The coastal cliffs at Covehithe are formed of glacial sands and other deposits. Loose and unconsolidated, they erode rapidly, currently at around 4.5 metres a year, although Environment Agency studies found that 75 m had been lost between 1992 and 2006 at a rate of 5.3 m a year. The main part of the settlement at Covehithe, around 250 metres from the current shoreline, is expected to be lost to erosion by 2110, possibly even by 2040. Any future attempts to protect Covehithe are thought to be unsustainable, and would likely increase erosion rates at the larger settlement of Southwold to the south.

To the north of Covehithe, Benacre Broad is an area of open water lagoons and reed beds with a shingle beach and alder carr woodland. These form important habitats for bird species such as marsh harriers, bearded reedling and water rail. Bitterns have been recorded in the area. Along with Covehithe Broad and Easton Broad to the south this forms Benacre National Nature Reserve, and falls within the Pakefield to Easton Bavents Site of Special Scientific Interest.

==Present day==
Modern Covehithe has a population of around 20. The parish of Covehithe has been combined for ecclesiastical purpose with that of neighbouring Benacre.
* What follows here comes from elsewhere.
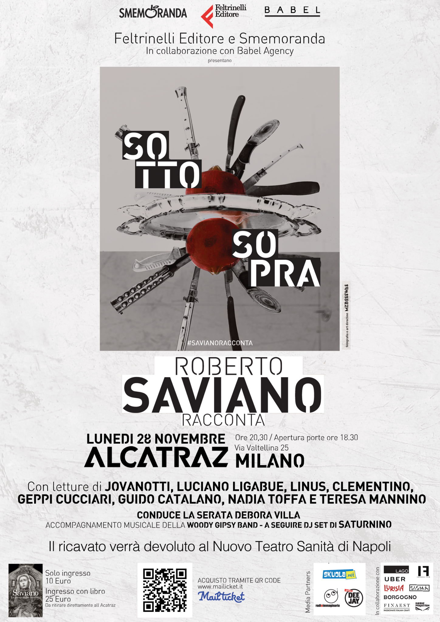 All’invito dell’autore di Gomorra, da anni costretto a vivere sotto scorta, hanno risposto Jovanotti, Luciano Ligabue, Linus, Clementino, Geppi Cucciari, Guido Catalano, Teresa Mannino, Nadia Toffa, Saturnino e Debora Villa, che accompagneranno Saviano in una serata i cui ricavati dai biglietti saranno devoluti al Nuovo Teatro Sanità di Napoli.

The area is largely used for agriculture and has formed part of the Benacre Estate since 1742 and owned by the Gooch family since 1746.

A P. D. James mystery, Death in Holy Orders, was set in Covehithe, and a television episode was filmed at the church ruins, and in 1999–2000 an adaptation of David Copperfield filmed a boat beach scene on the beach nearby. The village also featured in W. G. Sebald's The Rings of Saturn, a record of the author's journey on foot through coastal East Anglia. The Monty Python sketch "The First Man to Jump the Channel" was partly filmed at Covehithe beach.